Weaknesses: The main paper needs a serious revision in terms of writing. There seems to be a discrepancy between the content in the supplementary materials and the main paper. In particular, the following points should be taken into consideration: ▪ I don’t understand why only strongly convex norms can be used as distance generating kernels. It seems that you insists on kernels which are not steep at the boundary. I don’t know exactly why, so please provide some more details here. ▪ The notation should be improved. Usually we call distance generating kernels by omega or h, so please choose one of them also in the paper. Write the gradient of the Bregman divergence in terms of the function and not in terms of the distance.
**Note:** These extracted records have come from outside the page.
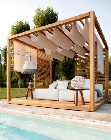 Rien de mieux qu'un petit espace agréable judicieusement ombragée par une pergola en toile devant la piscine pour faire trempette à l'abris des rayons du soleil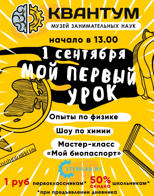 При входе на мероприятие «Мой первый урок» посетителям выдадут «дневник». А тем, кто пройдет квест, музей занимательных наук «Квантум» подарит подарки.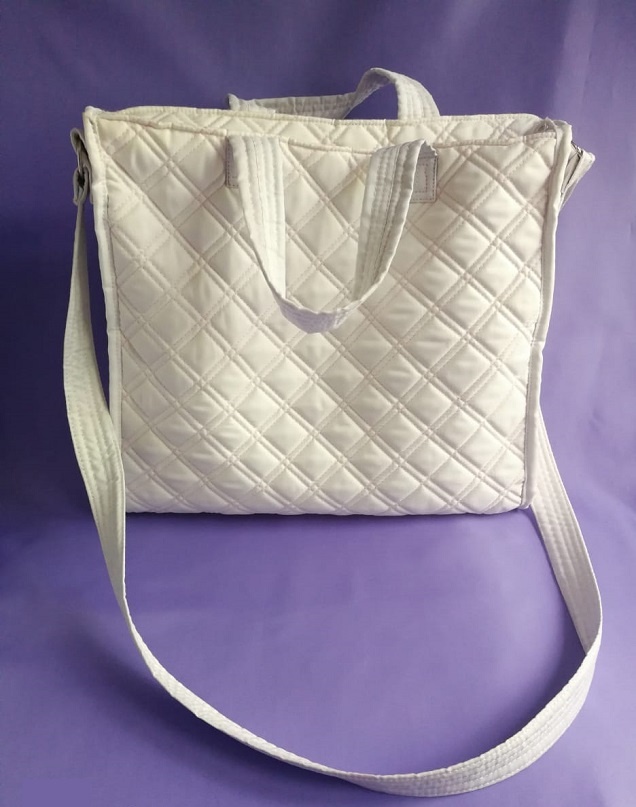 Первое изделие, это вот такая стёганая сумочка-планшет из не промокаемой ткани 100% пэ на молнии, внутри карманы из прозрачной плёнки, сумку можно носить, как в руках, так и на ремне через плечо.

This is unpleasant to read. ▪ v_{0} in line 7 of Algorithm 1 and Algorithm 2 is not defined ▪ In know that in ML the word „optimistic“ is common. I never understood what this means. Maybe you can add a short explanation. Corollary 2: Missing element symbol.

Correctness: As far as I can say the results seem to be correct.

Clarity: This is the major weakness of the paper and the reason why I have to lower my overall score. The paper needs a very serious revision in order to be acceptable.

Relation to Prior Work: The references mentioned are adequate.

Reproducibility: Yes

Additional Feedback: ====Update after the rebuttal==== I think this paper contains some very interesting parts. However, the submission has sever deficits in terms of the writing, and I am not convinced that the paper will be ready for publication after a short revision. For this reason I lower my final score.